Андрей поспешил прервать немой диалог. Одно и то же воспоминание многолетней давности преследовало его. Вот он танцует на институтском вечере с женой – тогда, впрочем, ещё не женой, а просто знакомой девушкой – стройной, в платье с воздушными рукавчиками. Андрей приглашает её и стыдится – наверняка он стеснит её своим неумением танцевать быстрый фокстрот. Но… что это? Почему у неё такая тяжёлая поступь? Она наступила Андрею на ногу, словно гиря упала! Раз, другой! Впервые, помнится, поразился он забавному противоречию: кажущейся лёгкости и тяжёлой, как у грузчика, поступи. Девушка – тогда ещё не жена – смотрела на Андрея преданно, совершенно не замечая собственной неуклюжести и отчасти даже искупая её этим взглядом.

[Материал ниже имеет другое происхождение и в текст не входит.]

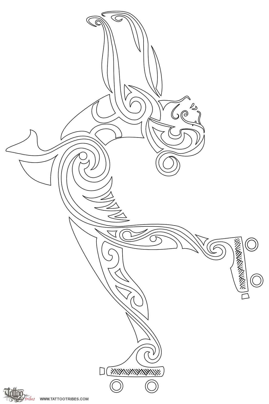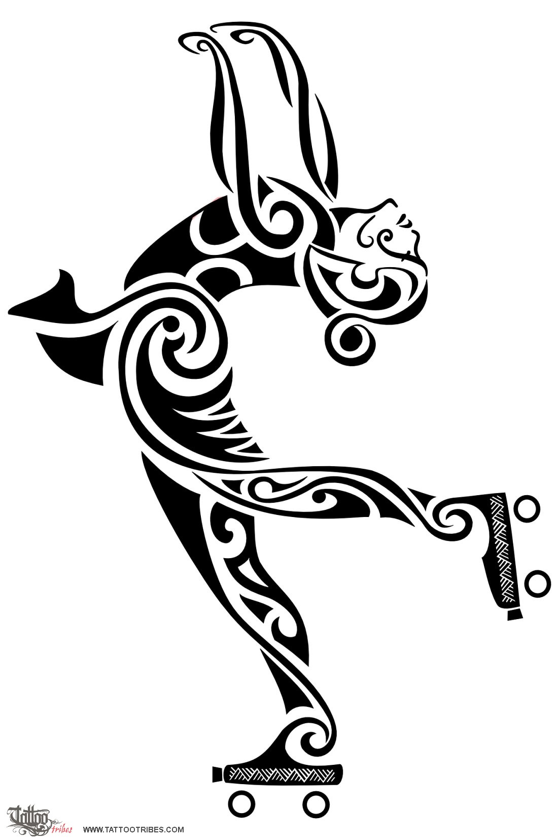 Simone asked for a Polynesian styled tattoo of a girl on rollerskates. We tried to integrate Maori elements into the tribal design with the idea of keeping her movements and harmony throughout the final design.

…Сосредоточенно и тщательно Андрей намазывал масло на хлеб, словно не было на свете дела важнее. Подчёркнутое внимание к предмету, в повседневной жизни совершенно заурядному – бутерброду, – убедило жену, что общению с ней муж в данный момент предпочитает пустые механические действия.

Она вздохнула.

Этот вздох слышался Андрею к сейчас, когда он шёл с дочерью по подземному переходу – длинному темноватому туннелю. Машинально пересчитывая тускло светящиеся плошки вдоль кафельной стены, Андрей понял, почему ему слышится именно этот – вчерашний – вздох жены. Подобных – горьких, отчаянных, сожалеющих, усталых, смиренных – вздохов немало было и раньше. Но раньше ничего не рассказывать жене, не объяснять – это было совершенно естественно, не требовало ни малейших усилий. Андрей даже не думал, что держит расстояние, отстаивает какую-то свою независимость. Дитя, играющее в райском саду, попросту не помышляло о тревогах жены. Тревоги эти, следовательно, не существовали. Жена, конечно, чувствовала и пыталась прорваться сквозь необъяснимое отчуждение, но дитя, играющее в райском саду, не понимало человеческого языка, где чистота порывов частенько смазывается чем-то суетным, житейским. Лишь одно домашнее существо находилось в полном духовном контакте с Андреем – чёрная спаниелька Габи. Лишь на ней отдыхал взгляд и душа Андрея, ибо Габи ничего не выясняла, не требовала, но только беззаветно любила. Любовь к хозяину составляла сущность Габи. Всяческие наступления на ногу здесь исключались, и такую любовь дитя, играющее в райском саду, почему-то не отвергало.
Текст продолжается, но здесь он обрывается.